As we were getting pictures of the bird, there was a commotion behind us. Turning around, we saw a monkey with something in his mouth quickly climbing up to the roof of the restaurant. Apparently the sneaky macaque had snuck down, grabbed someone’s food and then quickly headed back up to hide on the roof out of reach. 

We had a good time sitting and watching him for a bit, before our guide told us it was time to go. The monkey we’d seen earlier sat at the exit, seemingly watching us leave. He really was prime entertainment.

On the road we drove around a little bit, seeing a juvenile Red Muntjac and its mother. We also saw a large Asian Water Monitor Lizard, though our guide assured us it was actually more of a medium size. 
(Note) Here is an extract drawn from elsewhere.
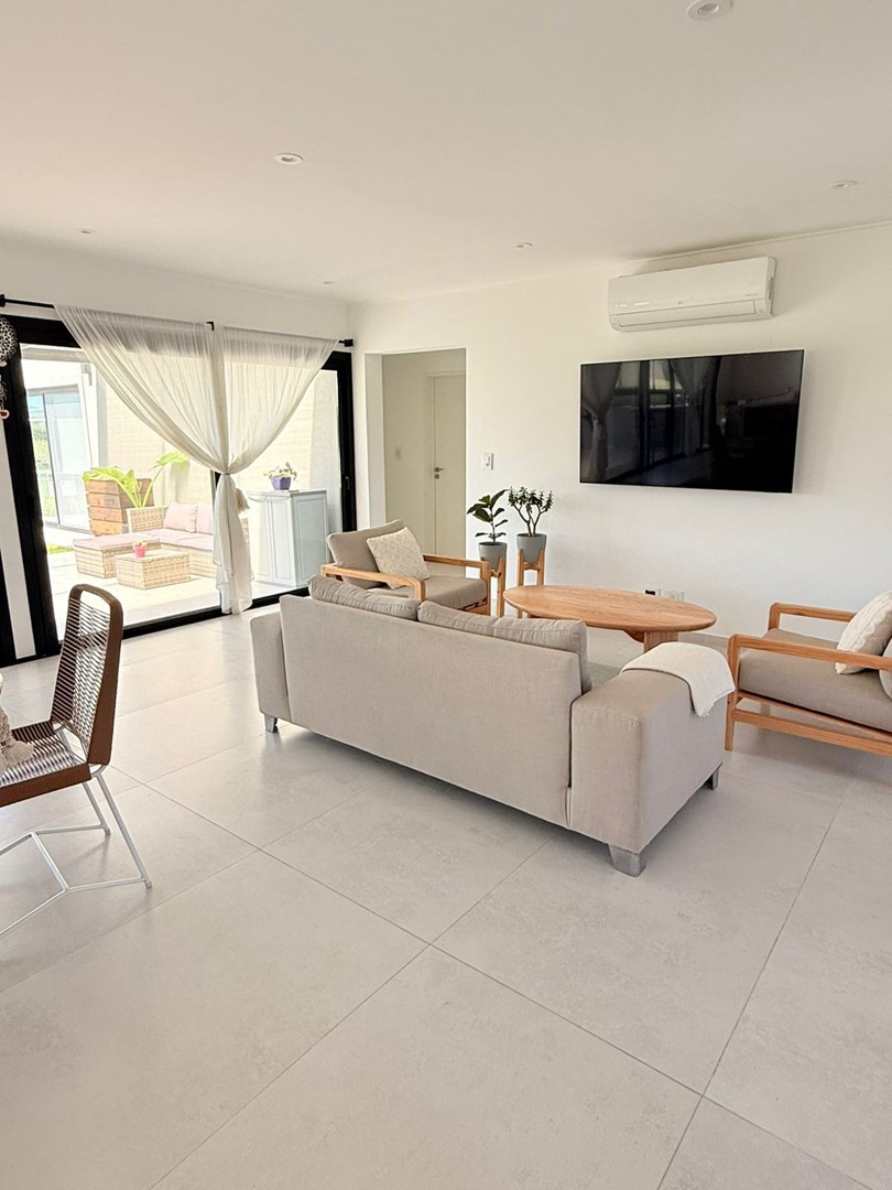 Les presentamos una casa con exquisitos materiales de terminación que se encuentra dentro del Area 8 en el Barrio San Sebastián, Zelaya - Pilar. La casa se desarrolla en una planta, sobre 190m2 totales en un lote de 800m2 que se encuentra perimetral a la calle principal del Barrio. Posee 3 dormitorios, uno de ellos es en suite con vestidor con frente de placard y luz natural. Los otros dos dormitorios comparten un baño completo. Su Techo posee lozeta con membrana soplete, preparada para un 2do piso. La Pileta revestida con piedra bali. Todos los Pisos son de Porcellanato con placas de 1,69 x 0,60cm Posee Losa radiante eléctrica con termoestato en cada ambiente. -- Detalles de la Cocina: Barra de silestone doble grueso. Muebles bajo alacena laqueado y barra con mueble semilaqueado. Espacio lavavajillas. Bacha jonshon con todos sus accesorios. Cocina con gas / eléctrica. -- Detalles del Lavadero: Muebles laqueados / mármol negro Brasil leder Termotanque Escabe alta recuperación de 52 litros -- Toillete: Microcemento etfan Griferia Ilva Artefactos Ferrum. -- Baño principal con ventilación natural y con un detalle de revestimiento español en pared. -- Características generales del inmueble: Doble vidrio con cámara A45 anodizadas con detalles de terminación con cantos. Vidrios del dormitorio principal con film de vista/temperatura. Puerta de cedro con blindex y cerradura electrónica. Tarquini quimtex en todo el exterior. Pintura sintetico blanco lavable en el interior. Altura a piso/techo 2.60 Aires BGH en dormitorios y LG inverter en living. Cortinas Blackout y screen en todos los dormitorios. Luces empotradas. Griferías FV en todos sus baños. Enchufes para TV en altura en todos sus dormitorios. Mas información sobre el Barrio San Sebastián: Está ubicado en el límite de Escobar y Pilar. Tiene un acceso en el km 54,5 de la autopista panamericana y cuenta con todos los servicios necesarios para que vivas la naturaleza de una forma diferente. Está compuesto por 13 barrios comunicados por un boulevard, lagunas, cancha de golf y más de 100 hectáreas destinadas a los deportes conforman este maravilloso ecosistema, ideal para disfrutar todos los días junto con tus seres más queridos. El complejo cuenta con 154 hectáreas de lagunas, Cancha de golf, Canchas de futbol y tenis, Seguridad 24hs, Club House, entre otras comodidades. -- La información contenida en el presente aviso es meramente a título informativo. Las medidas y superficies son aproximadas y no resultan vinculantes. Los datos definitivos son los que surgen del título de propiedad. Los montos de expensas, tasas e impuestos deben ser confirmados ya que dependen de la fecha en la que se obtuvo la información. El valor indicado en el presente puede ser modificado sin previo aviso. Venta supeditada al cumplimiento por parte del propietario de los requisitos de la resolución general nº 2371 de la Afip (pedido de COTI). Corredora Inmobiliaria y Martillera Publica responsable CMCPSI 5048 / CUCICBA 5010.

We stopped at a waterfall, hiking down into the canyon to get a better look and take some pictures. Sadly, there is no swimming allowed in the park, but it was still beautiful. 
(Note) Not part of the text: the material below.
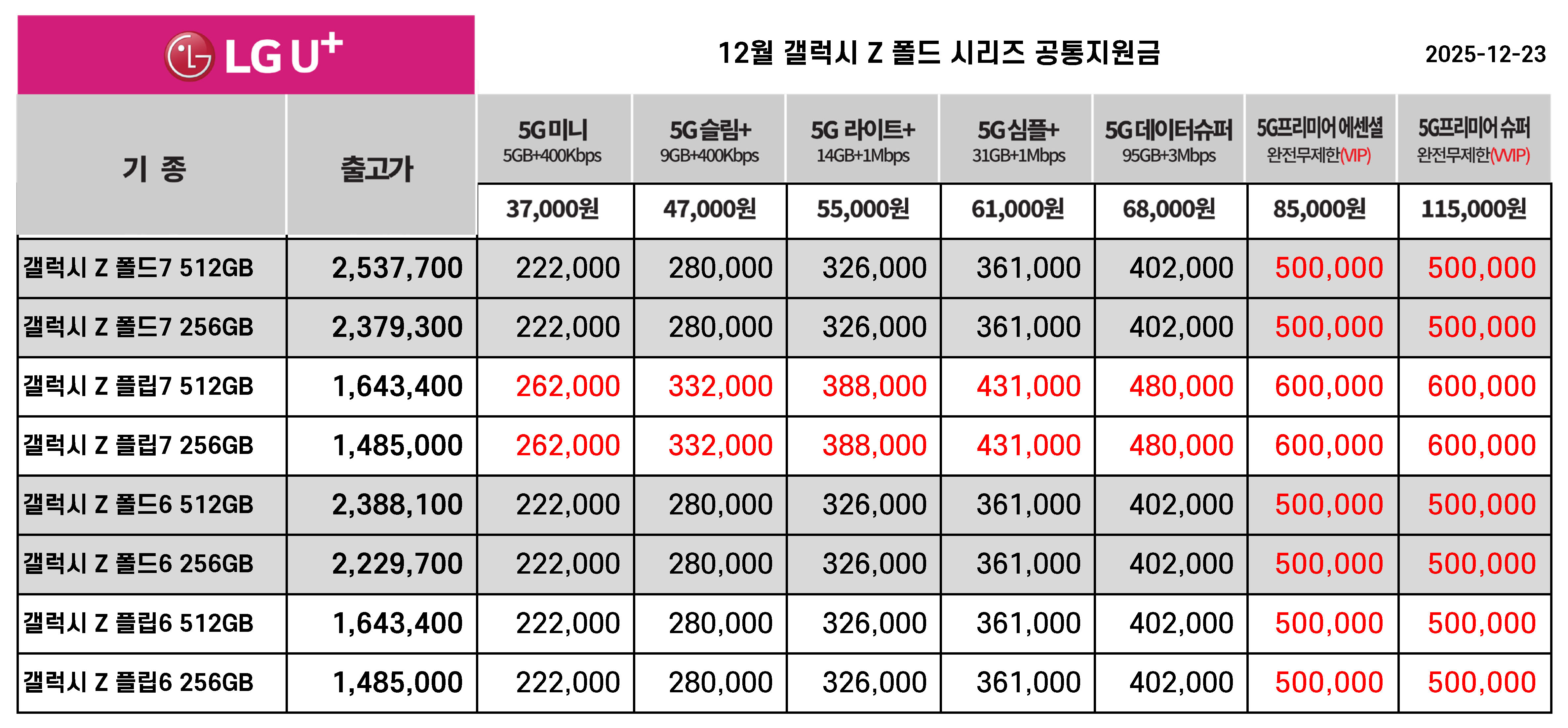 12월 LG유플러스 Z 폴드 & Z플립 시리즈 공통지원금(공시지원금)

After that the leech socks were finally able to come off as we would be spending the remainder of our trip in the back of the truck. 

Apparently evenings are a good time to spot wildlife, so the tour concluded with a drive along some of the roads keeping an eye out for monkeys and elephants. 

But after only a short time of driving, our driver pulled over and our guide asked us to hop out quickly. The driver went and grabbed something out of the road using a piece of cloth. He came over to where we were standing on the side of the road and put down the biggest scorpion I’d ever seen. Looking it up later it was a type of Giant Forest Scorpion. Thanks to their large size and bright green color they are very a bit easier to spot crossing the road, so our guide thought it would be a fun thing for us to see, and we’d save it from being run over too.

Our guide let us get some pictures, even turning it around so we could get a better angle. She’s definitely a braver woman than I. 

After we were done photographing the scorpion, we hopped back in the truck and continued driving. And before too long we started spotting monkeys. Lots and lots of Pig-Tailed Macaques hanging out along the road. Most of them know that tourists often have food and make easy pickings. Our guide had warned us ahead of time to have food and even sodas tucked away if we didn’t want monkeys in the truck stealing from us. We got to admire them from a safe distance, especially laughing at one larger male who would block traffic to check if there was anything worth taking. 

The sun was beginning to go down, so unfortunately we did eventually turn around and head back towards the exit of the park. No elephants spotted.

I was at the back of the truck, so I was staring down the road behind us. I noticed a fuzzy black head poking out of a bush towards the side of the road. My mind immediately jumped to a dog based on the size, and knowing there were plenty of feral dogs in Thailand, I just assumed one had made its home in the park. But as I started to laugh about it to the group, I watched a bear look both ways before heading out of the bushes. And behind the bear were two little black cubs. Sadly by the time I realized, I didn’t get a picture, and only one other person in the group saw it. I apologized for not realizing sooner it was a bear, as I’m used to American bears which are much bigger. Still, I was thrilled to know I’d seen not one but four sun bears in my time in the park. I missed a porcupine others spotted at the front of the truck later, so it was definitely luck of the draw sometimes on spotting wildlife. 

We headed back to the guest house for the night. As most of us had to pack or were leaving by train that night, we didn’t hang out as long in the evening, but did enjoy dinner together before heading back to get working on packing our bags, ready for another adventure in the day ahead. I would miss Khao Yai, but definitely looked forward to something new the next day.